Absolutely! I'm attaching the reduced testcase, as well as the patch.
The problematic thread shows up in the thread2 dump:
Checking profitability of path (backwards): bb:3 (4 insns) bb:9 (0
insns) bb:5
Control statement insns: 2
Overall: 2 insns
Registering FSM jump thread: (5, 9) incoming edge; (9, 3) (3, 8)
nocopy; (3, 8)
Well, so as Micha said, the threading destroys the outer loop by
making it have two entries - we actually _do_ recover from this
but it results in a non-empty latch of the outer loop and thus
the loop is no longer a perfect nest. The interchange pass has
special-sauce to recover from the loop store motion applied
but not to handle the kind of loop rotation the jump threading
caused.
Understood. The backedge into BB8 and the non-empty latch seem to cause
problems.
The forward threader guards against this by simply disallowing
threadings that involve different loops. As I see
The thread in question (5->9->3) is all within the same outer loop,
though. BTW, the backward threader also disallows threading across
different loops (see path_crosses_loops variable).
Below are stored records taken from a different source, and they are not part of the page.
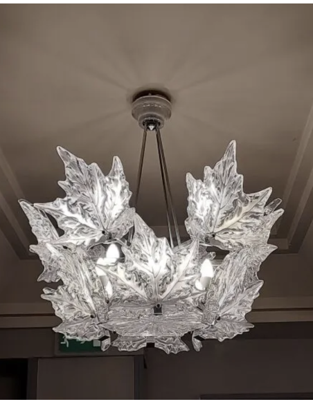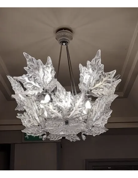 LALIQUE, chandelier model “Champs-Elysées” in cast crystal representing plane tree leaves.
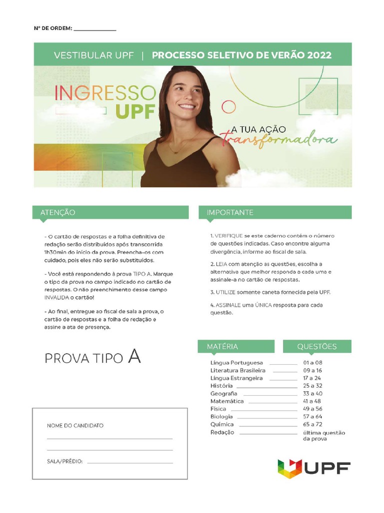 Vestibular de Verão 2022 - UPF: Prova Tipo A - P. 1
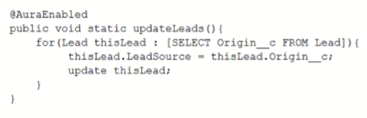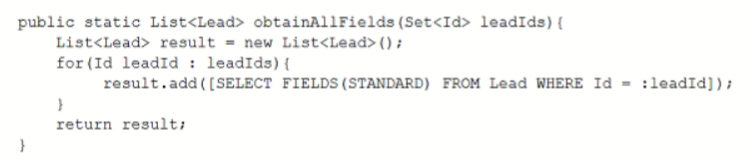 The following code snippet is executed by Lightning web component in an environment with more than 2,000 lead records:
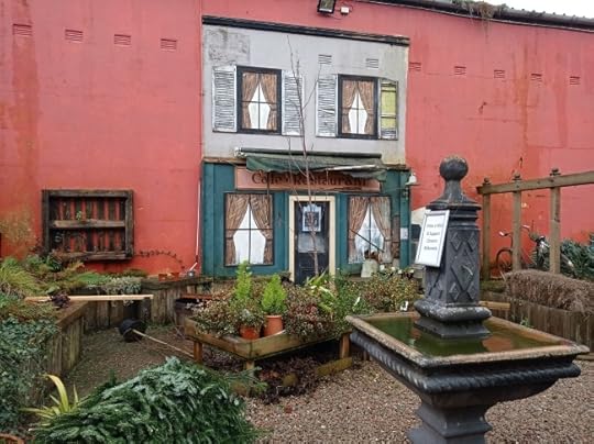 This month’s Thursday Doors features some more street art but this time from Ballycastle, County Antrim with some Irish mythology thrown in. Many towns in Ireland are now commissioning artists to brighten up their localities with murals depicting their history and culture. Some are epic pieces that fill the gable of a two or three story house and others are more subtle and blend in with their surroundings. I loved this first one at the Coffee Loft, where we had a delicious lunch. It’s set in a small garden centre in the middle of the town and the painted doors and windows really add that cosy, cottagey feel to the place.

the threading done here should be 7->3 (outer loop entry) to bb 8
rather than one involving the backedge. Also note the condition
is invariant in the loop and in fact subsumed by the condition
outside of the loop and it should have been simplified by
VRP after pass_ch but I see there's a jump threading pass
inbetween pass_ch and the next VRP which is likely the
problem.
A 7->3->8 thread would cross loops though, because 7 is outside the
outer loop.
Why does jump threading not try to simplify a condition before
attempting to thread through it? After all ranger should be around?
That's a very good question ;-). The current code does not use the
ranger to solve unknowns. Anything further back than the first block in
a path will return varying. The plan was to add this ranger solving
functionality as a follow-up.
I have a whole slew of pending patches adding precisely this
functionality. We should be able to solve ranges outside the path with
ranger, as well as relationals occurring in a path.
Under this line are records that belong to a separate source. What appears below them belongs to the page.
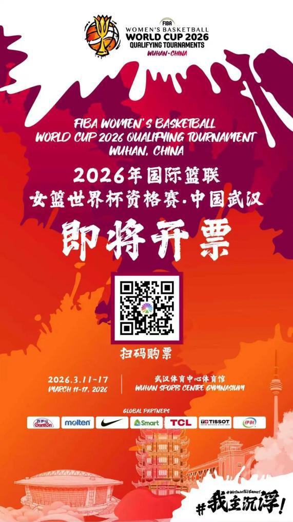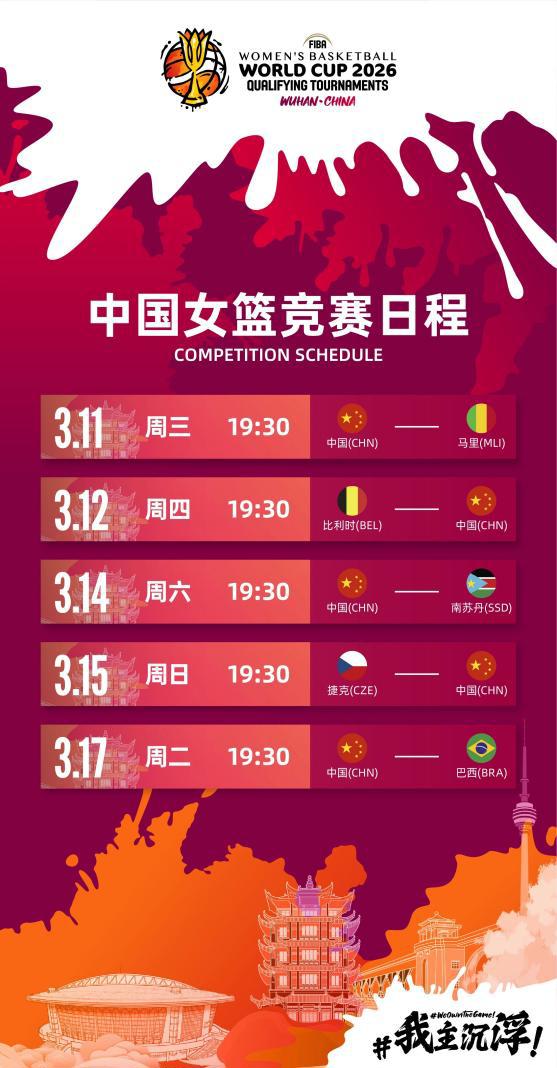 3月11日至17日,2026年国际篮联女篮世界杯资格赛(武汉赛区)将在武汉体育中心体育馆火热开打!中国女篮将开启7天5场的高强度征程,主场迎战马里、比利时、南苏丹、捷克、巴西等劲旅,全力冲击德国柏林世界杯门票!中国女篮将在每个比赛日19:30黄金时段登场,方便球迷共赴热血之约。
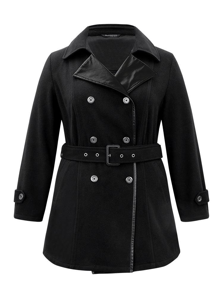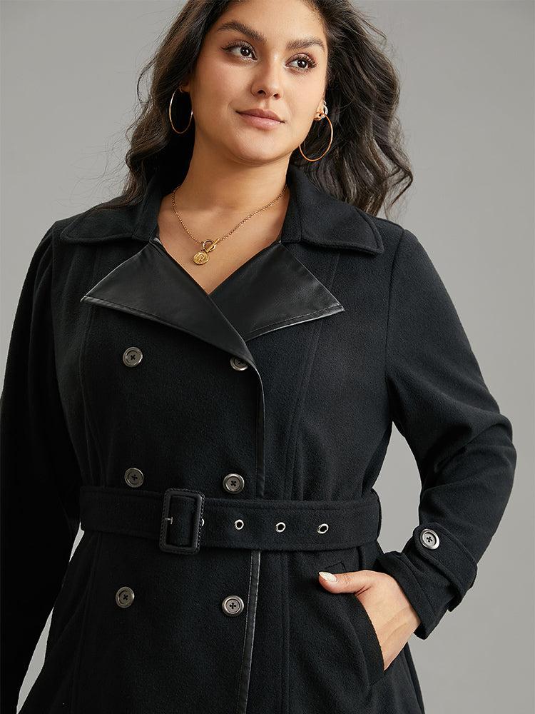 Shop PU Leather Patchwork Lapel Collar Double Breasted Belted Coat now and redefine your style with confidence at BloomChic. Tailored for mid and plus-size women. This trendy Outerwear Women, sizes 10-30. Season:Winter;Color:Black;Style:Casual;Pattern Type:Plain;Details:Pocket, Button, Belted, Patchwork;Pocket:It is perfectly sized to carry a phone.;Belt:Belt;Closure Type:Button;Lining:No-lining
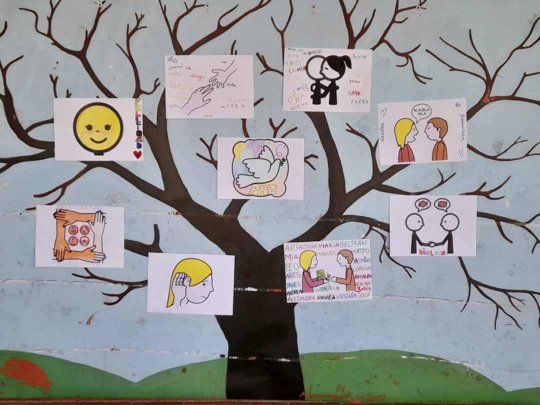 Además, como actividad de centro, entre todos los cursos hemos definido la palabra «Paz»: es abrazar, compartir, sonreír, ayudar, dialogar, escuchar, tolerar y amistad, que hemos simbolizado en nuestro mural del cole acompañado por la lectura del manifiesto elaborado por el alumnado de 6° EP.

However, even if there are alternate ways of threading this IL,
something like 5->9->3 could still happen. We need a way to disallow
this. I'm having a hard time determining the hammer for this. I would
vote for disabling threading through latches, but it seems the backward
threader is aware of this scenario and allows it anyhow (see
threaded_through_latch variable). Ughh.
Thanks for looking into this.
Aldy